* Directions for this task:
Begin at the line below that holds "根据名创优品(TOPTOY)" and end at the line that holds "الظَّاهِرِ وَتَكَسُّرُ الْبَاطِنُ", transcribing each line exactly and skipping any picture.

* Task material:
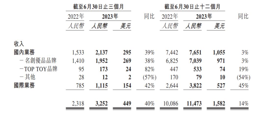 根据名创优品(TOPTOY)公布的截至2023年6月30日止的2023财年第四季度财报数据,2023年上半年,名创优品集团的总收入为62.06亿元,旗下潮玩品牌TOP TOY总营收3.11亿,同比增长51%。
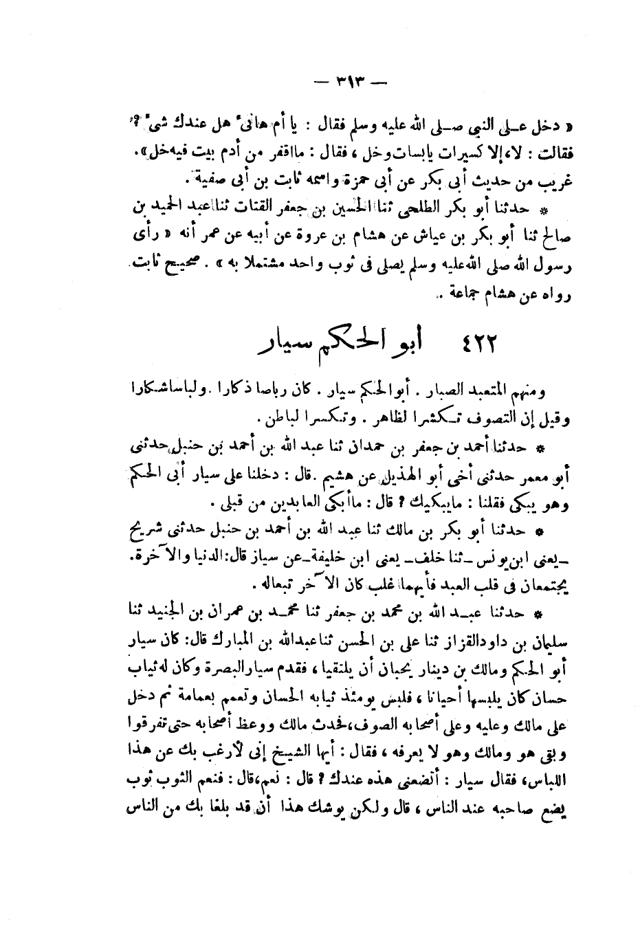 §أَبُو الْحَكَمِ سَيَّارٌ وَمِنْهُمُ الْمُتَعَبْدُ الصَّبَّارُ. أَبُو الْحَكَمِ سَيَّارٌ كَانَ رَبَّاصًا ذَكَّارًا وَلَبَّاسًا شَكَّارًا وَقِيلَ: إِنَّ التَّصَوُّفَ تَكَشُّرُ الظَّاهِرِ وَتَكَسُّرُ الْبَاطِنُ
...
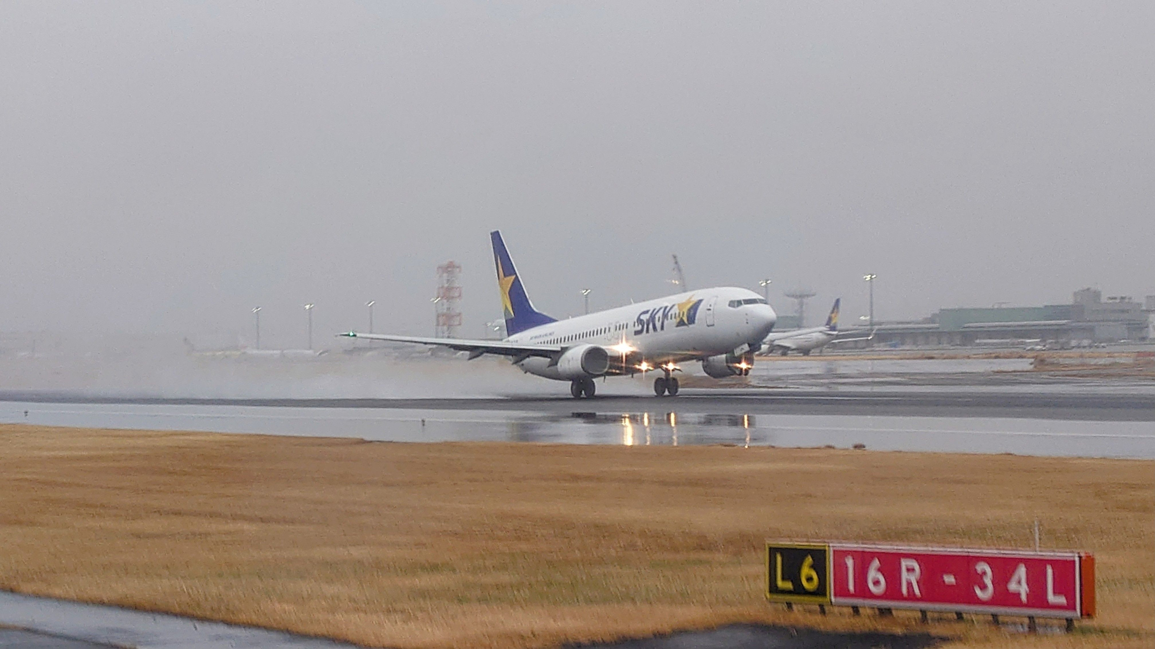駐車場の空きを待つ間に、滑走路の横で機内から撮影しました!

* Output below:
 根据名创优品(TOPTOY)公布的截至2023年6月30日止的2023财年第四季度财报数据,2023年上半年,名创优品集团的总收入为62.06亿元,旗下潮玩品牌TOP TOY总营收3.11亿,同比增长51%。
 §أَبُو الْحَكَمِ سَيَّارٌ وَمِنْهُمُ الْمُتَعَبْدُ الصَّبَّارُ. أَبُو الْحَكَمِ سَيَّارٌ كَانَ رَبَّاصًا ذَكَّارًا وَلَبَّاسًا شَكَّارًا وَقِيلَ: إِنَّ التَّصَوُّفَ تَكَشُّرُ الظَّاهِرِ وَتَكَسُّرُ الْبَاطِنُ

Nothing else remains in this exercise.